Alarmed yet fascinated by the display, we backed toward midfield as the grackles flapped up from the last remaining relics of our opponents, some to perch on the Taunton bus, lining its fenders and roof, a row of hunched, silent spectators, while the rest ascended beyond the lights to join a vast, indistinct disturbance in the sky. Screams issued from the bleachers. Portions of the crowd were disintegrating, too, leaving patches of empty seats, and people pushed and clawed at one another, desperately trying to flee. I had in mind to do the same but was rooted to the spot, staring up into the toiling darkness above the field. It began to get close, stuffy, like when you pull a blanket over your head, and the reason for this soon came clear.

The disturbance above the field was a host of grackles, an unthinkable tonnage of feathers and hollow bones and stringy flesh — as they descended to the level of the lights, the air thickened with their sour smell. They descended farther, whirling and whirling, obscuring the lights so that they showed as dim, flickering suns through a water of black wings.

I could no longer see the sign on the Toddle House beyond the east end of the field, and this led me to believe that the flock had sealed us off from the world. Everyone in the bleachers had poured onto the grass. The pep band’s instruments were scattered about. Somebody had stepped on a French horn, crushing the bell. A cheerleader, Beth Pugh, crawled past, black hair striping her face, encaging her demented eyes — when I tried to help her, she slapped my arm away and screamed. People were on their knees, weeping and praying; some shielded their eyes and mouths against the droppings that fell, intermittently peeking at the grackles.

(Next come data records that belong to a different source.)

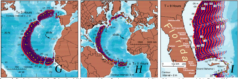 Tout cela défie l'imagination et nous montre à quel point nous restons minuscules par rapport aux moindres soubresauts de la Nature. Etant donné le délai de propagation ( 9 heures ) et le fait que le phénomène serait alors immédiatement signalé de très nombreuses personnes pourraient être évacuées. Encore faudrait-il qu'elles puissent trouver refuge sur des reliefs dépassant les vingt cinq mètre de haut. Je crois qu'on imagine mal quels pourraient être les dégats sur les régions côtières, si par chance on arrivait à minimiser les pertes en vies humaines. Les reliefs de la Floride étant peu accusés on peut dire qu'après le passage d'un tel tsunami le pays présenterait un aspect semblable au sud de Sumatra, le lendemain du 26 décembre.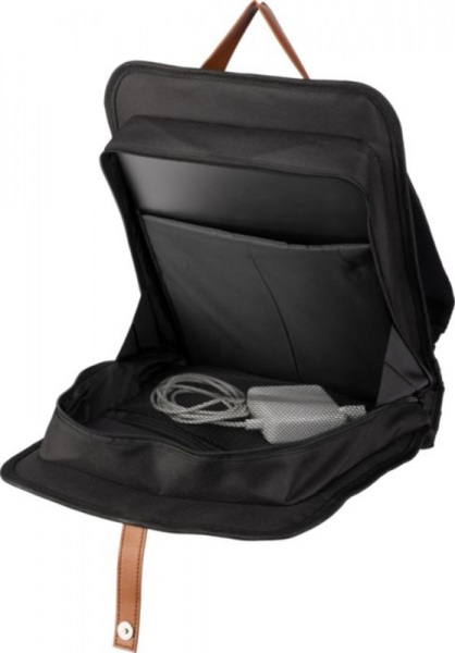 RPET (600D) polyesterový vodoodpudivý batoh z Oxford tkaniny s úplne plochou prednou stranou. Batoh má vrecko na notebook (15 palcov) a vnútorné vrecko zo sieťoviny s nastaviteľnými popruhmi. Obsahuje PU slučku a zapínanie na PU magnet.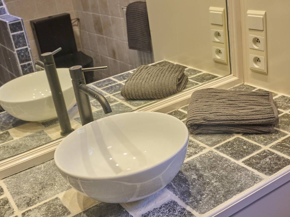 Layout : Parterre: Eingang, Wohnzimmer mit TV(Nur Streaming), Esstisch, Kamin, Sitzecke, Radio, Gesellschaftsspiele , Küche mit Wasserkocher, Toaster, Kochherd(5 Kochplatten), Dunstabzugshaube, Kaffeemaschine(Filter, nespresso cups), Backofen, Mikrowelle, Geschirrspüler, Kühlschrank, Tiefkühlschrank , Badezimmer mit Waschbecken, Dusche, Toilette , Heizung(Zentral)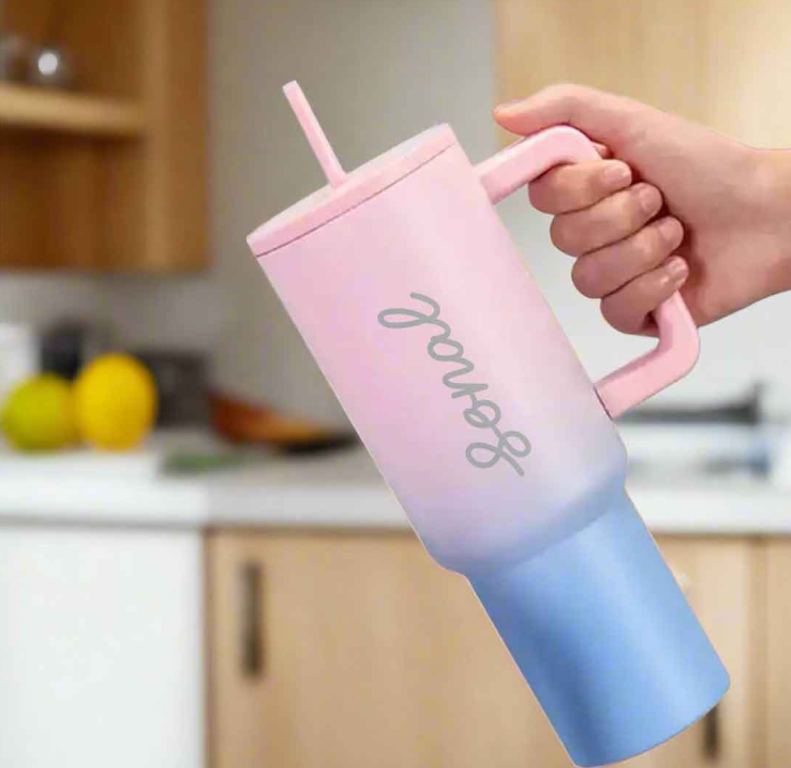 This stylish travel tumbler blends beauty with everyday practicality. Designed with a soft yellow-to-pink gradient, it offers a refreshing and youthful aesthetic that instantly stands out. The sleek personalization — featuring the name adds a special, thoughtful touch, making it ideal for personal use or as a heartfelt gift.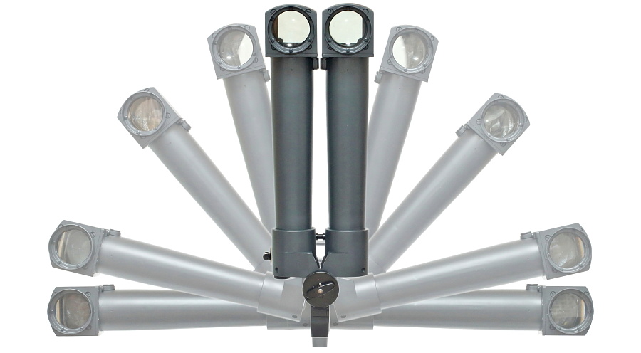 左右対物レンズの角度調整機能が砲隊鏡最大の特徴。ペリスコープ基部の回転は左右共に180度の可動範囲となっており、通常は縦から横位置までの90度の範囲内で使用する。基本は写真のように左右を同じ角度ずつ動かして使う。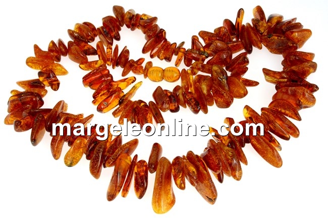 Colier din margele chips de chihlimbar natural, dimensiune variabila progresiva chips: 10-23mm, lungime totala colier: 50cm, prevazut cu incuietoare cu filet. Pretul este pentru 1 colier.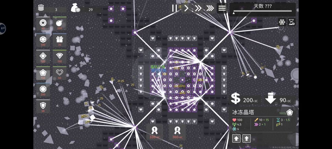 很精巧的塔防游戏,手机端第1、2章全极难通关了!一些打极难的心得: 1、即将用完或被敌人摧毁的临时箭塔、临时治疗晶塔、复活晶塔可以卖掉回收一半钱。 2、临时治疗晶塔和复活晶塔也可以接入折射晶塔,囤复活晶塔配合紫盾能扛很久。 3、箭塔作为这个塔防游戏中的“豌豆射手”,实际上的战斗力并不差,是前期过渡的优秀选择。 4、由于胜利方式是坚持而不是全歼,在最后一天可以用卖塔、降级、炸弹甚至是利用日光塔来拖时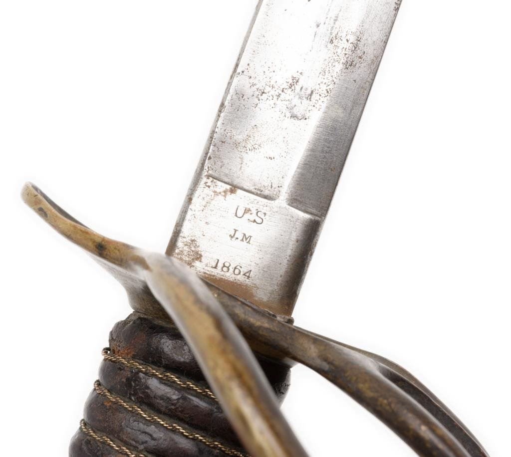 U.S. Model 1860 Cavalry sword and metal scabbard by Mansfield and Lamb in overall un-cleaned good condition with 1864-dated blade, some scattered spots of erosion on blade, wire wrapped leather grip, brass guard and pommel; heavy dark patina on scabbard. Est.: $300-$600.

There must have been millions. They must have been stacked to the top of the sky in order to bring such a stench, such an oppressive presence. The great seething of their wings and the rusty chaos of their cries reduced the sounds of human terror to barely audible interruptions in an ocean of white noise. They descended lower yet, roofing the field with their swarming, swirling bodies, darkening the light, and I lay flat, my face buried in the grass, certain that I would be torn apart or crushed or carried off like Amy Carlysle’s daughter and dropped from a height.

But when I looked again — after no more than a minute or two, I think — the flock had retreated beyond the tops of the light poles, and they continued their retreat, going beyond the range of sight and hearing until a mere handful were left swooping and curvetting overhead, and those few still perched atop the Taunton bus. Then the bus itself exploded, vanishing in a flurry of the purplish black wings and lemony eyes and cruel beaks that had composed its shape, and we were alone, less than a thousand of us, splattered with bird shit, terrified, wandering the field and searching for our loved ones. I had no one to look for other than Doyle, but I could find him nowhere.

We won the game by way of forfeit and lost in the regionals the week after by the same means. No one wanted to play, and despite some blah blah blahspouted by Coach Tuttle about how the dead would want us to soldier on in the face of tragedy, how events like this could define our lives, the team voted unanimously to accept a painless defeat.